Cette cascade de petits joyaux prend sa source avec « Hep Cat », titre de Larry Terry gravé à l’origine sur Testa. Petit méandre vers le blues avec « Hoochie Coochie Bop », une variante du hit de Muddy Waters. La troisième boucle de ce flot débouche sur l’unique composition « Hot Rod Baby », un hillbillyrock aux connotations country. Le déluge poursuit sa route avec « How About Me » puis « Uranium Rock », titre composé par Al Hopson pour Warren Smith, enchaîne avec « Slipping Out And Sneaking In », une perle de Wes Williams immortalisée par Joe Clay. Histoire de repartir de plus belle, le groupe booste « Shake’Em Up Rock » un tonk ravageur, mis en boîte par T « Texas » Tyler pour le label 4 Star. Une petite courbe pleine d’effervescence avec « Sixteen Chicks » une merveille du texan Link Davis, pérennisée aussi par Joe Clay, puis changement de cap vers la Louisiane avec « « I’m A Lover Not A Fighter » œuvre de JD Miller écrite pour Lazy Lester et qui deviendra plus tard un tube des Kinks. Charlie Feather ne pouvait pas échapper au tumulte de ce torrent ; « One Hand Loose », une pièce enregistrée pour le label King, nous plonge la tête sous l’eau. Au fond de cette cascade, vous risquez de trouver un petit éclat bien scintillant avec « Do Me No Wrong », un rockab très fifties de Pat Cupp gravé en 56 pour RPM. Les Bird Doggin’ proposent un petit virage vers le rockin’blues avec « Bip Bop Boom » composé par le rocker de Chicago Mickey Hawks, encore un inusité bien dépoussiéré. Notre cascade se déverse sur un bouillon, « Bertha Lou », un consommé mitonné par John Marascalco pour Dorsey Burnette, une excellente mise en bouche et débouche, histoire de reposer les accus sur « Number Nine Train », titre de Tarheel Slim repris par Dale Hawkins livré ici avec des parfums country.

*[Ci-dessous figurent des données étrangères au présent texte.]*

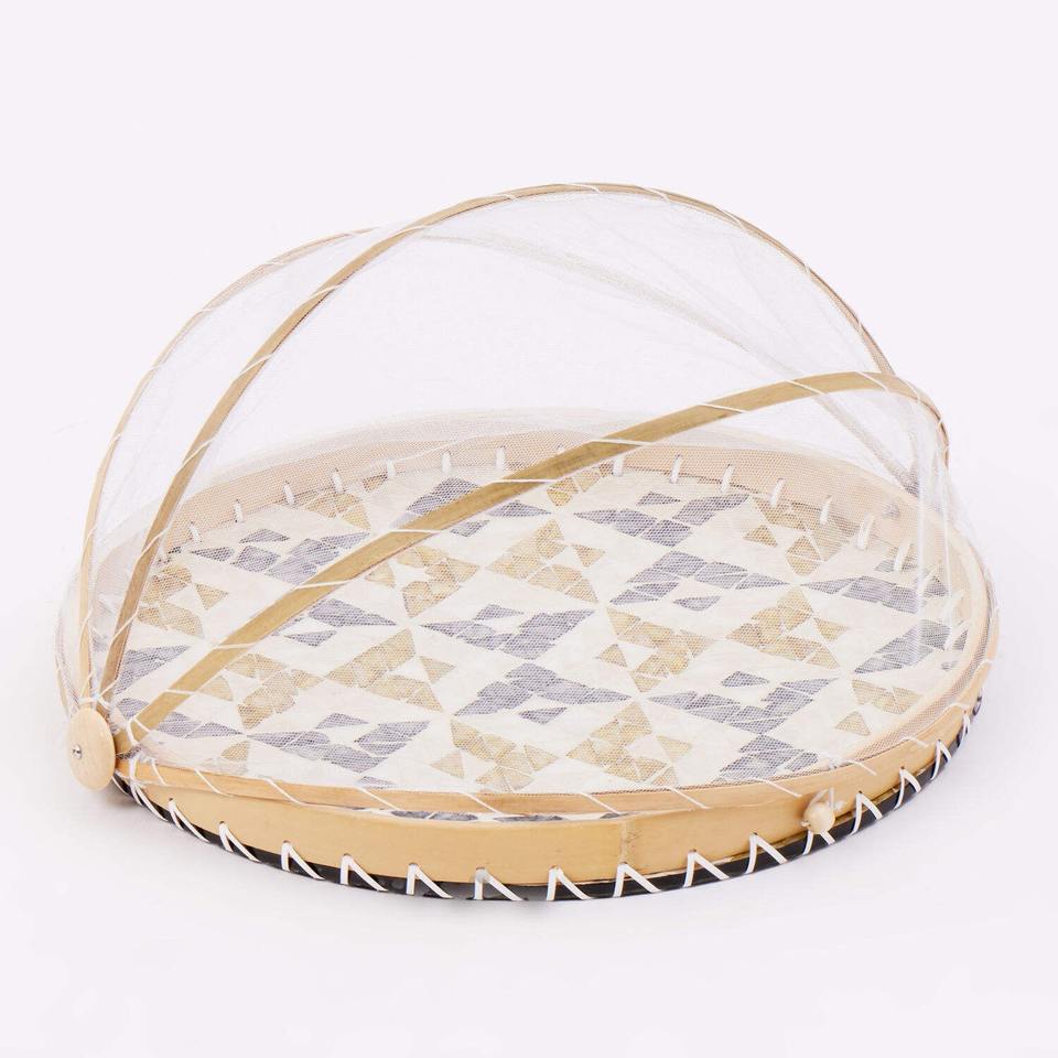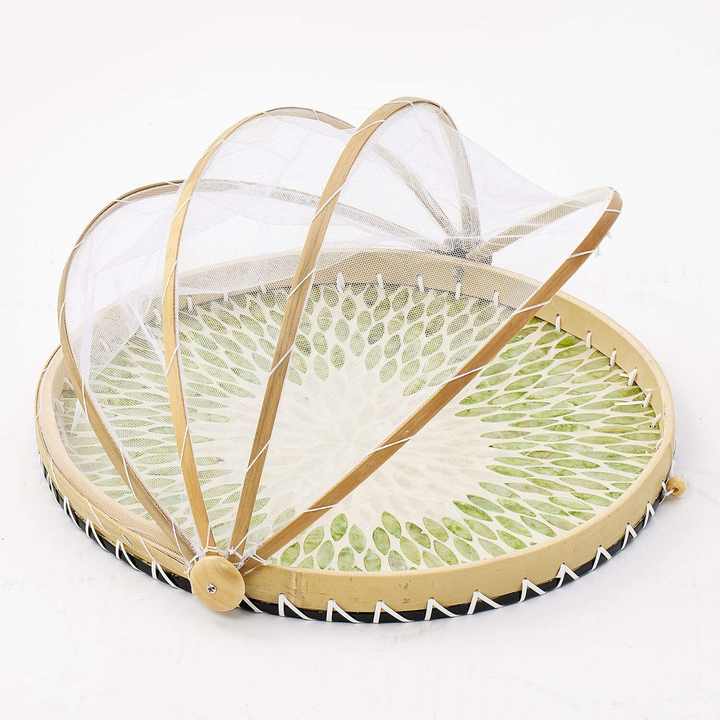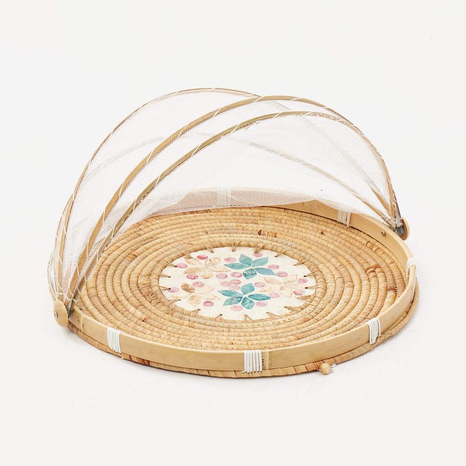 Mother of Pearl Inlay Food Netted Cover Bag Mosaic Serving Tray with Folding Net Tent for Protecting Dinner Meals

Comme de coutume, notre cataracte s’offre un dernier tumulte avec « Love Me » morceau phare du Phantom (alias Jerry Lott) avant d’achever sa chute avec une seconde version de « Hoochie Coochie Bop ». Porté par une talentueuse section rythmique (Bertrand à la contrebasse et Chris aux drums), ce quatuor peut aussi compter sur deux guitaristes aussi élégants que dynamiques (Dominik et Matze), un chant irréprochable et un répertoire éloquent. Leurs concerts sont souvent ébouriffants, à l’image de cette première mouture.
Un remarquable disque de rockab (un peu court … on en redemanderait). Un coup de canon qui fait mouche dès son premier tir.